WHAT YOU WILL DO: No pictures go into the copy. Write out every line below exactly.

START INFORMATION SUPPLIED

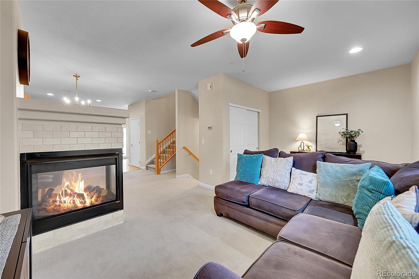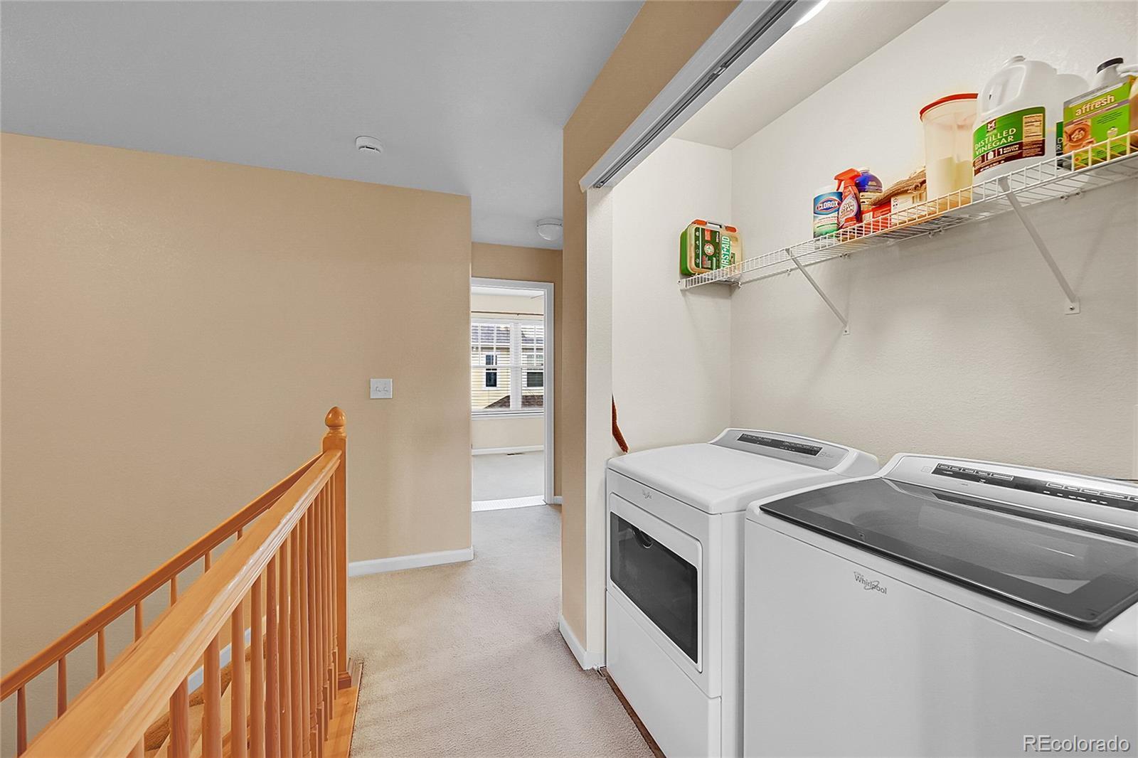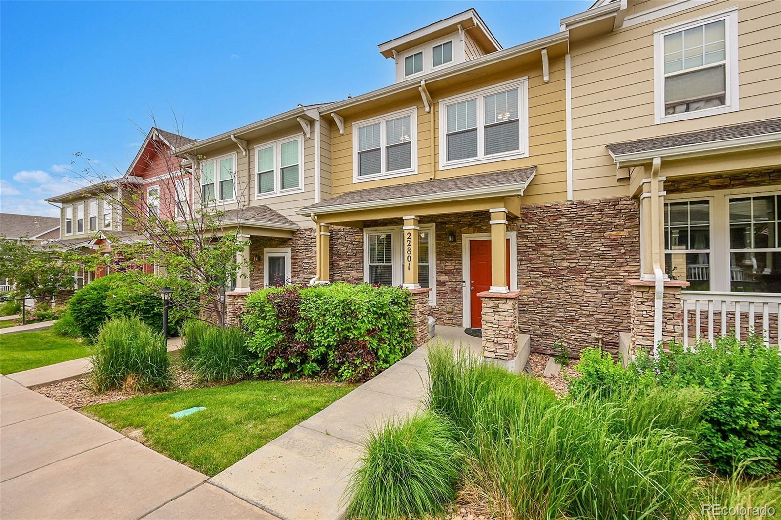 Welcome to Saddle Rock! Move into this beautiful spacious 3 bedroom, 3 bath townhome located in the Cherry Creek School District. All kitchen appliances (refrigerator, stove, microwave, and dishwasher), window coverings, and deep freezer in garage are all included! Beautiful granite tile counter tops in kitchen. Cozy fireplace in the living room. Soaring ceilings throughout making it feel spacious, open, and welcoming. There's room for growth in the basement. The laundry area is conveniently located on the upper level near all of the bedrooms and the washer and dryer are included! This beautiful townhome is within walking distance to open space and scenic trails. Shopping and dining are conveniently located at Southlands, and Saddle Rock Golf Course is just minutes away. Make this your new home.
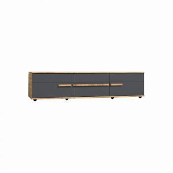 В гостиной CROWN длинная 3 Тумба ТВ может выступать как отдельный функциональный элемент, так и быть центром компоновки. На ней без труда поместится телевизор с диагональю до 60’‘. Две боковые ниши со сборными фасадами и центральный выдвижной ящик на шариковых направляющих – функциональное место для хранения. Все фасады коллекции облицованы ударопрочной кромкой ПВХ толщиной 2 мм. Гармонично дополнят тумбу трапециевидные ручки из массива с текстурой дерева в тон декора корпуса. Преимущество такой самодостаточной тумбы в том, что ее можно со временем дополнять полками и шкафами. Вариативность комбинаций тумбы с другими модулями коллекции как нельзя кстати для тех, кому быстро надоедает однообразие в обстановке.
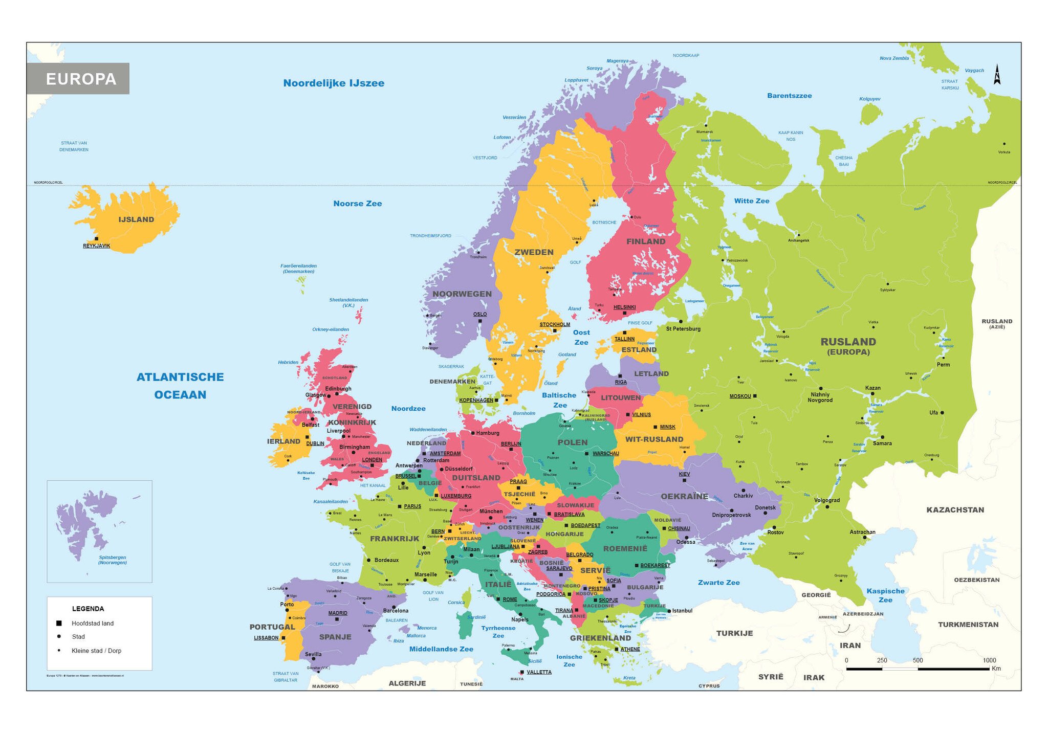 ✓ Gedetailleerde kaart van Europa met steden en wegen
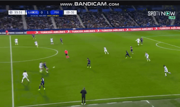 "지금 음바페의 자세를 보면 어깨가 완전히 열려있는 걸 볼 수 있다. 이 자세에서는 슈팅 각이 다 열려있기 때문에 골키퍼가 먼저 움직일 수 없다."

END INFORMATION SUPPLIED

ANSWER BELOW:
 Welcome to Saddle Rock! Move into this beautiful spacious 3 bedroom, 3 bath townhome located in the Cherry Creek School District. All kitchen appliances (refrigerator, stove, microwave, and dishwasher), window coverings, and deep freezer in garage are all included! Beautiful granite tile counter tops in kitchen. Cozy fireplace in the living room. Soaring ceilings throughout making it feel spacious, open, and welcoming. There's room for growth in the basement. The laundry area is conveniently located on the upper level near all of the bedrooms and the washer and dryer are included! This beautiful townhome is within walking distance to open space and scenic trails. Shopping and dining are conveniently located at Southlands, and Saddle Rock Golf Course is just minutes away. Make this your new home.
 В гостиной CROWN длинная 3 Тумба ТВ может выступать как отдельный функциональный элемент, так и быть центром компоновки. На ней без труда поместится телевизор с диагональю до 60’‘. Две боковые ниши со сборными фасадами и центральный выдвижной ящик на шариковых направляющих – функциональное место для хранения. Все фасады коллекции облицованы ударопрочной кромкой ПВХ толщиной 2 мм. Гармонично дополнят тумбу трапециевидные ручки из массива с текстурой дерева в тон декора корпуса. Преимущество такой самодостаточной тумбы в том, что ее можно со временем дополнять полками и шкафами. Вариативность комбинаций тумбы с другими модулями коллекции как нельзя кстати для тех, кому быстро надоедает однообразие в обстановке.
 ✓ Gedetailleerde kaart van Europa met steden en wegen
 "지금 음바페의 자세를 보면 어깨가 완전히 열려있는 걸 볼 수 있다. 이 자세에서는 슈팅 각이 다 열려있기 때문에 골키퍼가 먼저 움직일 수 없다."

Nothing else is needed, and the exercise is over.